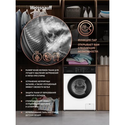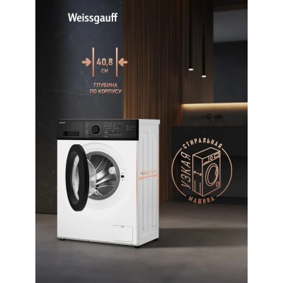 покрытие > бытовая техника > Weissgauff Стиральная машина УЗКАЯ WM 4506 LED (Модификация 2025 года), глубина 40.8 см, С ПАРОМ, Инвертор, Загрузка 6 кг, 1000 оборотов, 16 программ, Быстрая стирка 15 мин, Очистка барабана, белый, черный
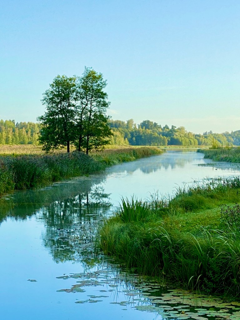 Aloitin Riihikalliosta, ja Tuusulanjärven etelärantaan on muutama kilometri. Tässä maisemassa eka pikapysähdys. Auringonnousu, aamu-usva ja peilityyni järvi aloittivat eläkeläisen juhlapäivän valoisasti ja kauniisti. Vaikka koulussa oli antoisaa, tämä rauha ja kauneus toivat mieleen iloa todella paljon.
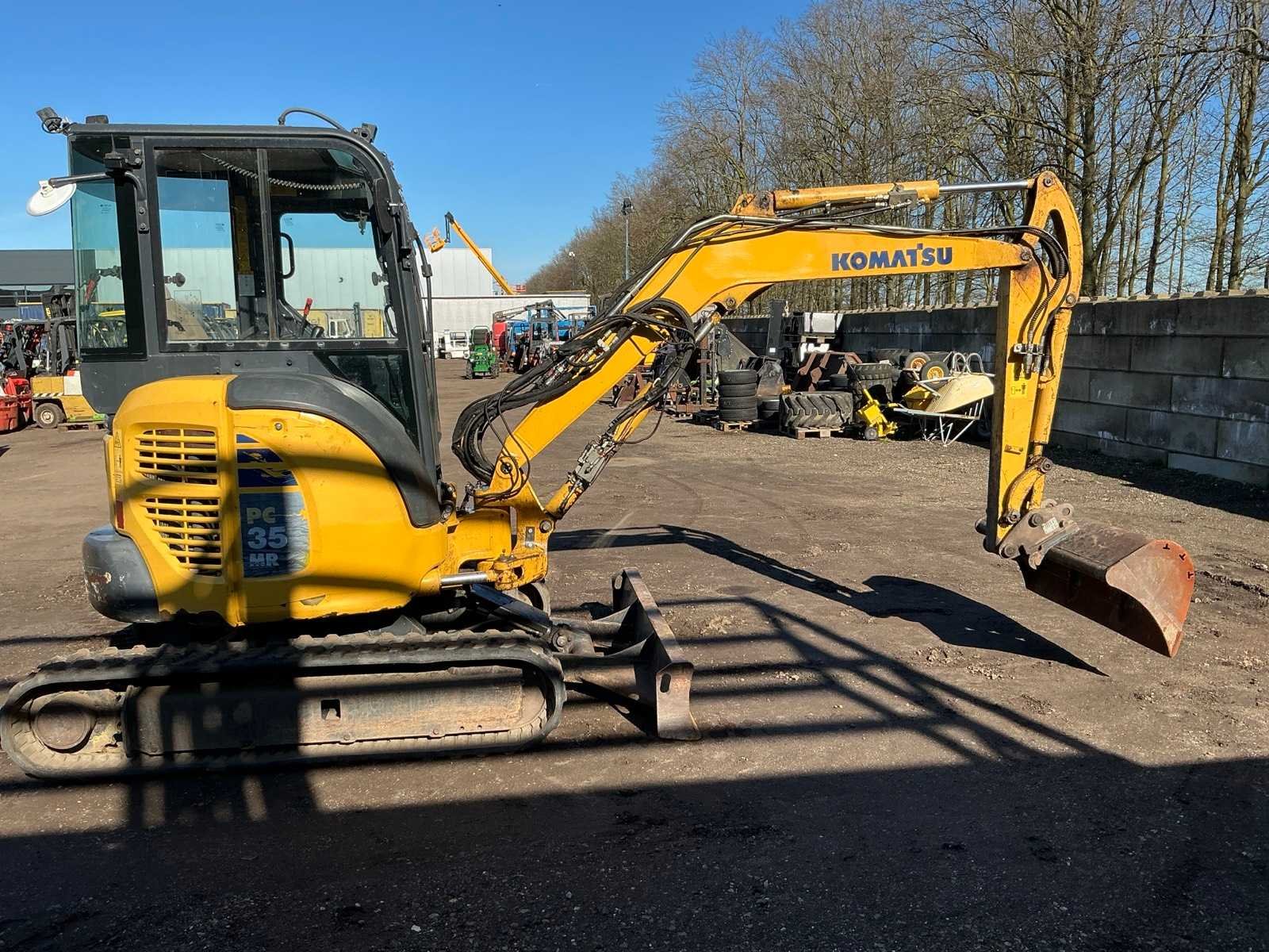 Sloten bak 1250mm, klac wissel, 3e+4e functie, led werkverlichting, blad 1740mm, 2e rijsnelheid, verwarming, auto idle, Nee Merk: Komatsu Type: PC 35 MR-3 Bouwjaar: 2016 Serienummer: F30594 Merk motor: Komatsu Motorvermogen (kW): 22kW Aantal cilinders: 3 Brandstof: Diesel Bedrijfsgewicht: 3740kg Inclusief graafbak: Yes Graafbak afm. b: 1250mm Rups breedte: 300mm Afgelezen urenstand: 2487 Eigen gewicht: 3740kg Totale afmeting L: 4900mm Totale afmeting Breedte: 1740mm Totale afmeting Hoogte: 2600mm
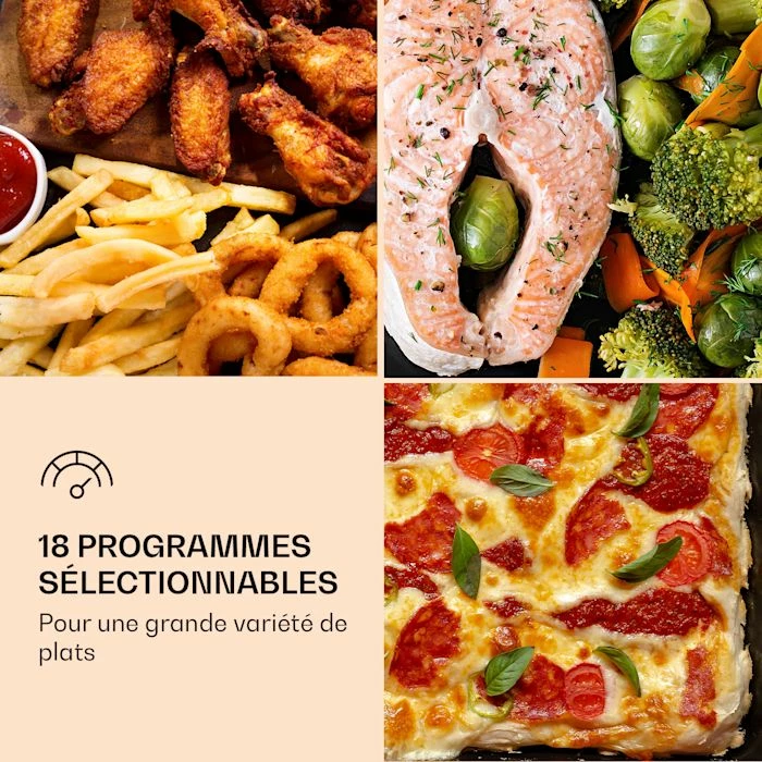 - 18 programmes sélectionnables : pour les plats les plus divers
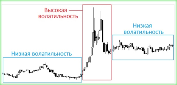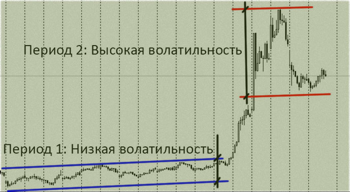 Но есть и обратная ситуация, когда цена колеблется быстро, резко и в широком диапазоне. В такие моменты на графике наблюдается интервал, именуемый зоной высокой волатильности, который обычно происходит, когда публикуются важные новости экономики.
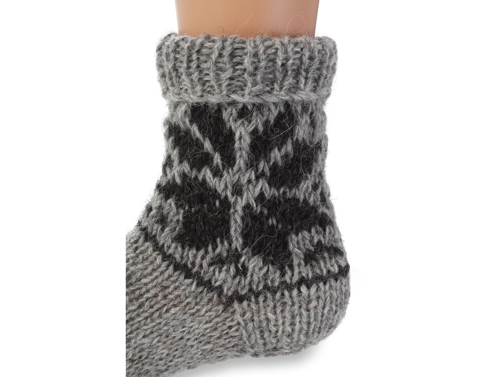 Szürke kézzel kötött 100% birkagyapjú zokni fekete hópehellyel
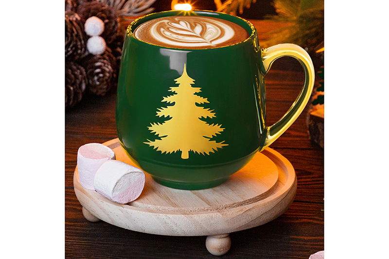 БЫЛО 781 руб!! Кружка 530 мл 13,5*10,5*10,7 см "Золотой Новый Год" зеленая с елью NEW BONE CHINA
==================================================
- **Required work**: Without including any picture, print every record exactly as written above.

- **Answer area**:
 покрытие > бытовая техника > Weissgauff Стиральная машина УЗКАЯ WM 4506 LED (Модификация 2025 года), глубина 40.8 см, С ПАРОМ, Инвертор, Загрузка 6 кг, 1000 оборотов, 16 программ, Быстрая стирка 15 мин, Очистка барабана, белый, черный
 Aloitin Riihikalliosta, ja Tuusulanjärven etelärantaan on muutama kilometri. Tässä maisemassa eka pikapysähdys. Auringonnousu, aamu-usva ja peilityyni järvi aloittivat eläkeläisen juhlapäivän valoisasti ja kauniisti. Vaikka koulussa oli antoisaa, tämä rauha ja kauneus toivat mieleen iloa todella paljon.
 Sloten bak 1250mm, klac wissel, 3e+4e functie, led werkverlichting, blad 1740mm, 2e rijsnelheid, verwarming, auto idle, Nee Merk: Komatsu Type: PC 35 MR-3 Bouwjaar: 2016 Serienummer: F30594 Merk motor: Komatsu Motorvermogen (kW): 22kW Aantal cilinders: 3 Brandstof: Diesel Bedrijfsgewicht: 3740kg Inclusief graafbak: Yes Graafbak afm. b: 1250mm Rups breedte: 300mm Afgelezen urenstand: 2487 Eigen gewicht: 3740kg Totale afmeting L: 4900mm Totale afmeting Breedte: 1740mm Totale afmeting Hoogte: 2600mm
 - 18 programmes sélectionnables : pour les plats les plus divers
 Но есть и обратная ситуация, когда цена колеблется быстро, резко и в широком диапазоне. В такие моменты на графике наблюдается интервал, именуемый зоной высокой волатильности, который обычно происходит, когда публикуются важные новости экономики.
 Szürke kézzel kötött 100% birkagyapjú zokni fekete hópehellyel
 БЫЛО 781 руб!! Кружка 530 мл 13,5*10,5*10,7 см "Золотой Новый Год" зеленая с елью NEW BONE CHINA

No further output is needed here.